13 Replies Latest reply on Feb 13, 2013 2:47 PM by nsabina

    Stored Procedures and the Teiid Planner

    markaddleman

      (moved from https://community.jboss.org/thread/221057?tstart=0 for better googling)

       

      Queries of the form:

      SELECT blah FROM t1, (CALL sp(10)) AS sp

      UNION

      SELECT blah FROM t2, (CALL sp(10)) AS sp

       

      It appears that the planner will invoke the stored procedure twice, one for each step of the union. 

       

      I believe that in queries of the form

      SELECT blah FROM t1, (SELECT * FROM v) AS v

      UNION

      SELECT blah FROM t2, (SELECT * FROM v) AS v

      the planner will execute the inline view only once.

       

      I have found that many custom executions could be exposed either as stored procedure or as views/tables.  I have found that implementing stored procedures is easier than implementing views/table so I'd like a way to hint the planner that a stored procedure is deterministic much in the same way that I with a UDF.  I see that we can setFunction(true) on the Procedure metadata object but the value doesn't appear to be read anywhere that I can find.

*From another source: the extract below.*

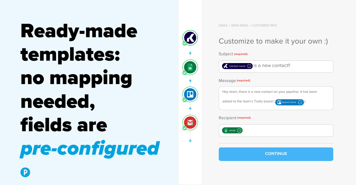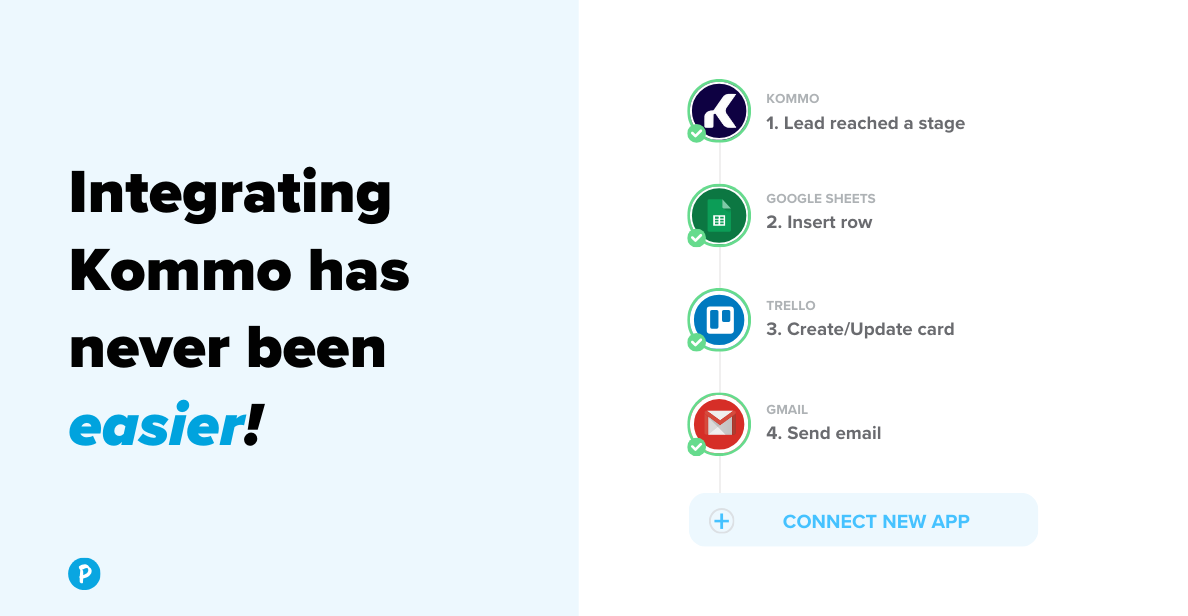 Pluga makes it easy to integrate your favorite apps with Kommo using a completely no-code builder. You can create multi-app workflows that automate all the repetitive tasks in your workday, boosting productivity and freeing you up to focus on what matters most. With flexible triggers, advanced filters, and ready-made templates, Pluga helps you get more from Kommo without the hassle.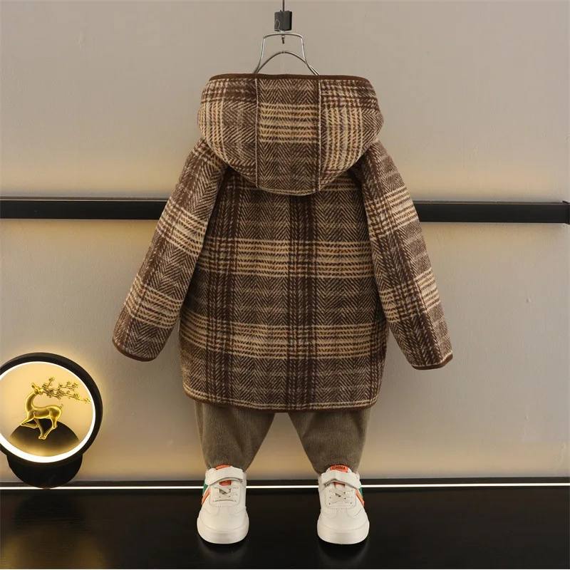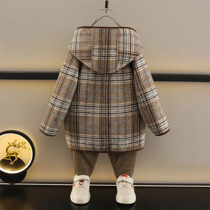 Customized Boys' Winter Plaid Zipper Long Fleece-Lined Thick Eco-friendly Warm Coat Western Style Clothes for Kids

        • 1. Re: Stored Procedures and the Teiid Planner
          shawkins

          > It appears that the planner will invoke the stored procedure twice, one for each step of the union.

           

          You'll want to check the plan.  If you see the access node marked as shared (see https://issues.jboss.org/browse/TEIID-1598), then the actual procedure will only be invoked once and the results shared with each join.

           

          > the planner will execute the inline view only once.

           

          Generally that should not be the case.  We do not have a specific optimization that will convert a union of joins to a union with a single join.  Here again you would want to check to see if the view results in access nodes that are marked as shared.  Since there are potentially more optimizations that we can do in this case, it may not be as easy for the optimizer to see that the source queries are sharable - this is the thrust of https://issues.jboss.org/browse/TEIID-2139  For this specific usage it may be more straight-forward to optimize the scenario as a union/join problem.

           

          > so I'd like a way to hint the planner that a stored procedure is deterministic much in the same way that I with a UDF. 

           

          The shared command logic considers all procedure invocations with the same parameters as determinstic.  And in general we tend not to consider stored procedure invocation as non-determinstic in select query, however I don't think that is explicitly stated anywhere.

           

          > I see that we can setFunction(true) on the Procedure metadata object but the value doesn't appear to be read anywhere that I can find.

           

          The function property will actually cause teiid to treat the metadata as a scalar function.  This exists since the Designer initially split the relational and function metamodels which made it difficult to define functions in Designer in the same model as the other relational constructs.

           

          Steve

          • 2. Re: Stored Procedures and the Teiid Planner
            markaddleman

            I was writing my post from memory and it's possible that I misremembered the plan.  I'll check later today with our latest plans.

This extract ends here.